We initially were developing a system that we had hoped could handle everything and eject any workflow issues to a human so the operations team could kick the machine. We were hoping to avoid an interface all together on the customer side.
After a few versions and attempts at building this system, we moved towards a traditional app where we focused on building a product people wanted and automate parts of it over time. But even the parts we automated needed an interface for customers to spot check our work. So we found a great designer.
...Before we knew it, we were building a traditional company, with some AI. The company is doing well and people love what we're building, but it's different than we imagined.
We still believe in the long term vision and promise of the technology, but the article is right, this isn't going to be an overnight process unless some new architecture emerges.
In the mean time, we're focused on helping people get from A to B easily using whatever means necessary, because moving f**ing sucks.
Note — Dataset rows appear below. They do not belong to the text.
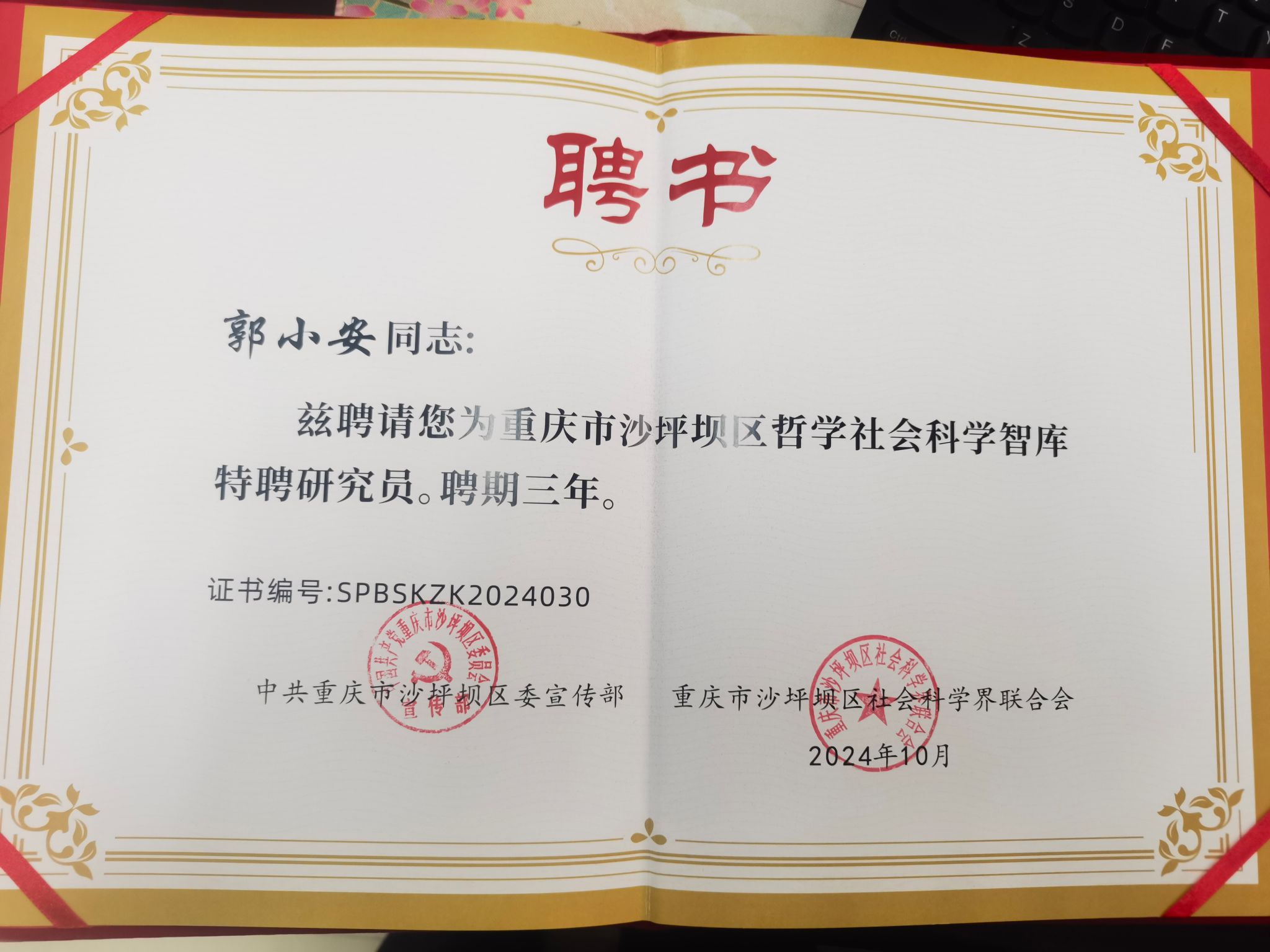 郭小安教授、曾润喜教授和郑静副教授光荣获聘。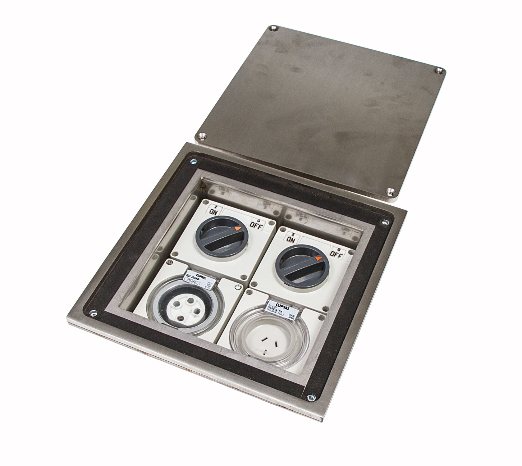 - Capacity for 4 No. IP66 Industrial socket modules (enclosures supplied, excludes socket outlets).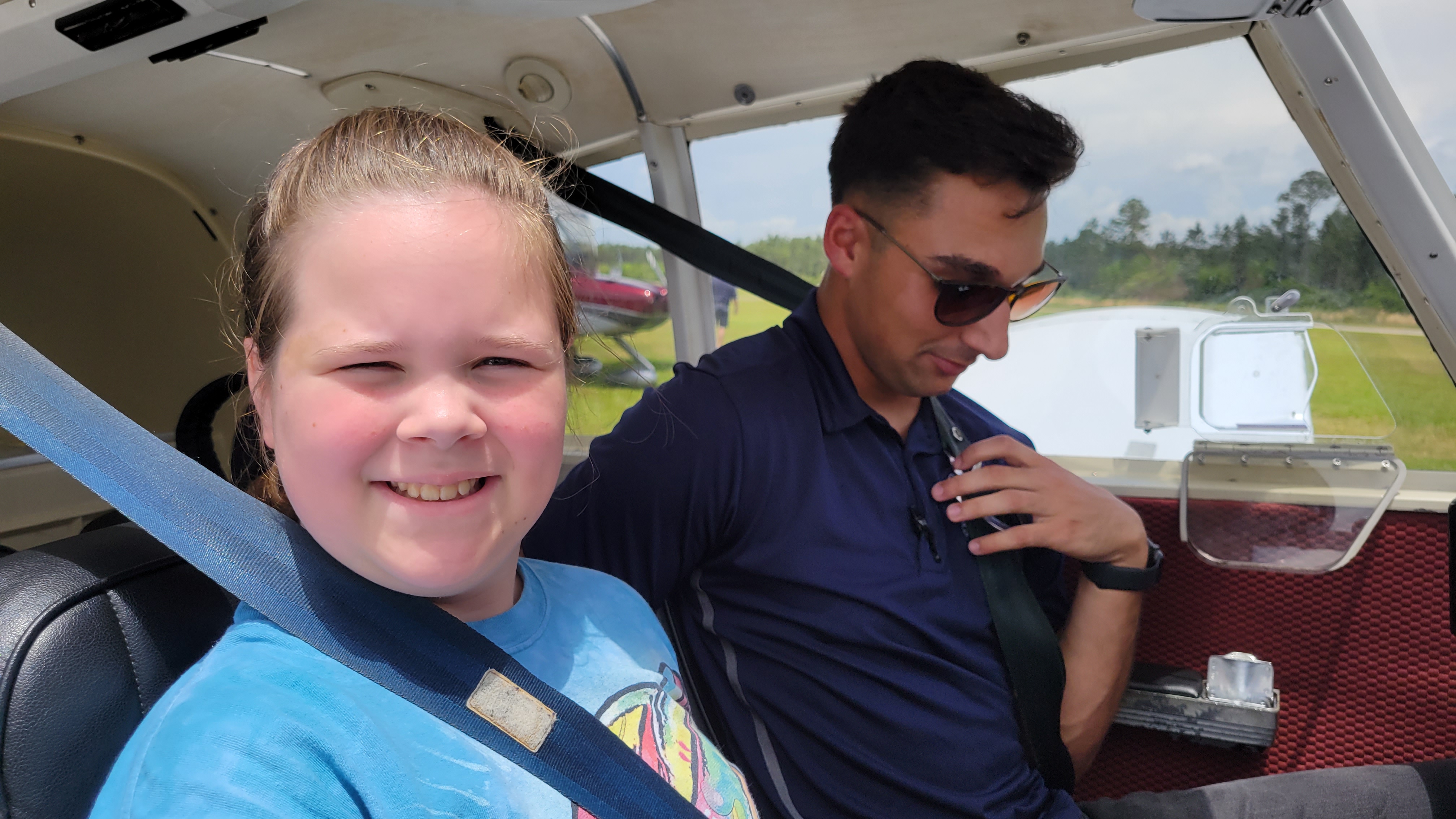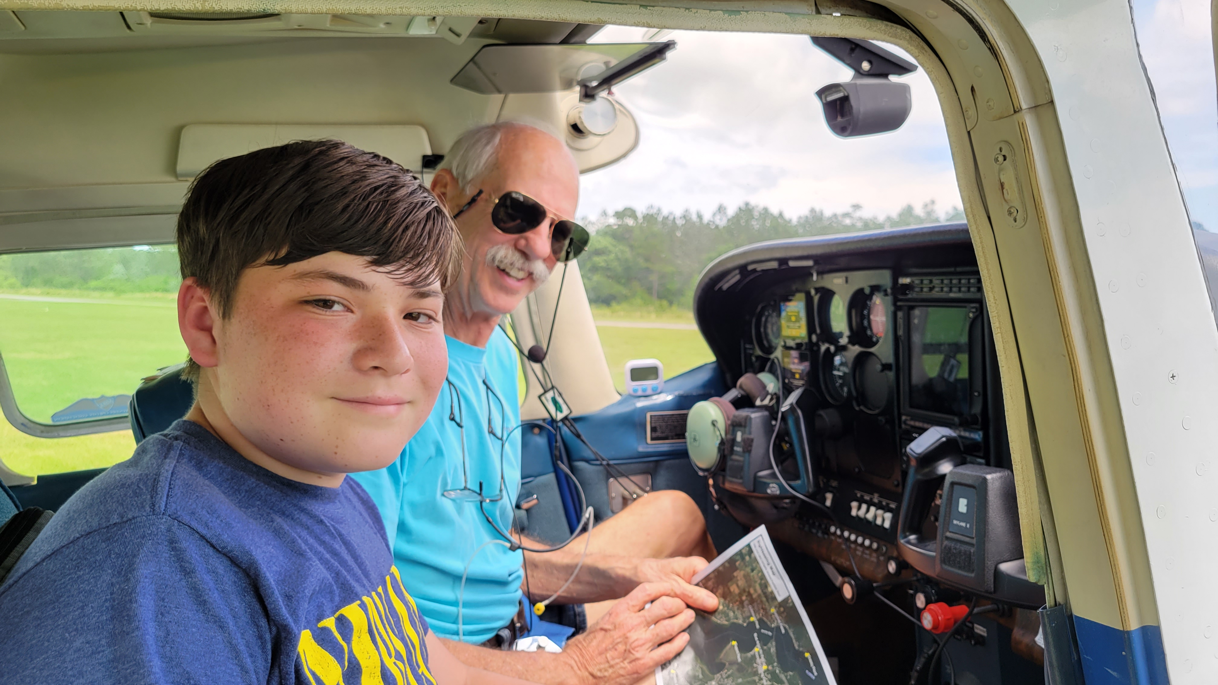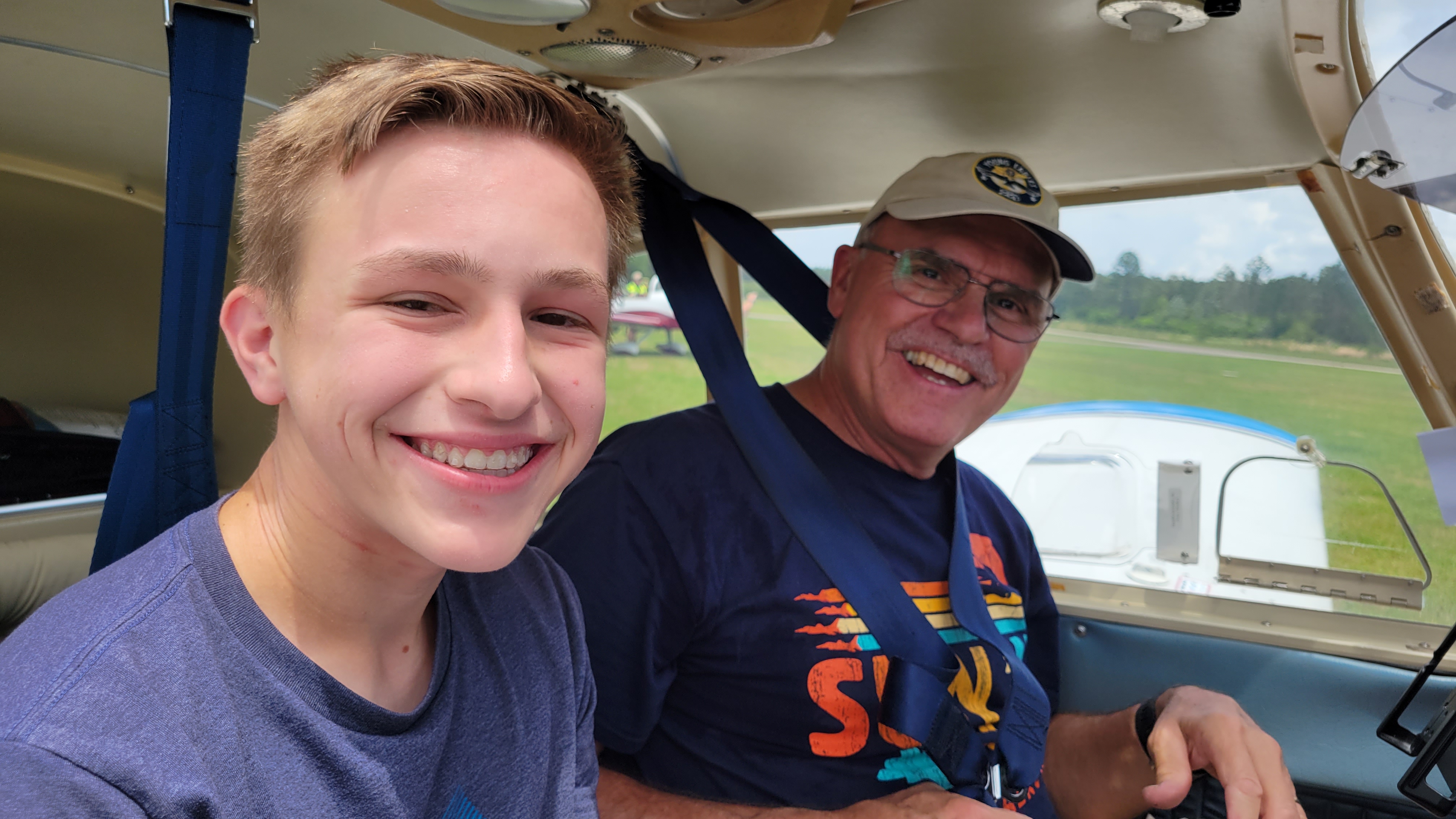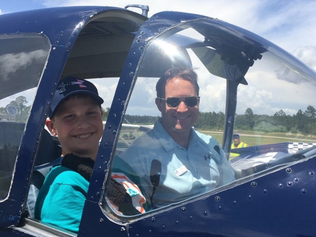 ![]() Nick Hanssen (one of our Ray Scholarship recipients and young Eagles Flight Certificate holder) using his Private Pilots license to pay it forward to a Young Eagle. |

If you're moving soon or know anybody who is, we'd be happy to help them. -P
It's okay, I mean even the internet started out as Charlie_Bit_Me.avi and free porn.
I'm betting the adoption curve for AI hits when the first company sells photorealistic porn of anyone you have a picture of. Hell, half ass Photoshop porn is lucrative already.
Charlie Bit Me is of the YouTube generation, so it wasn't passed around as an avi email attachment like some older memes of the previous generation. From that long ago, Exploding Whale comes to mind.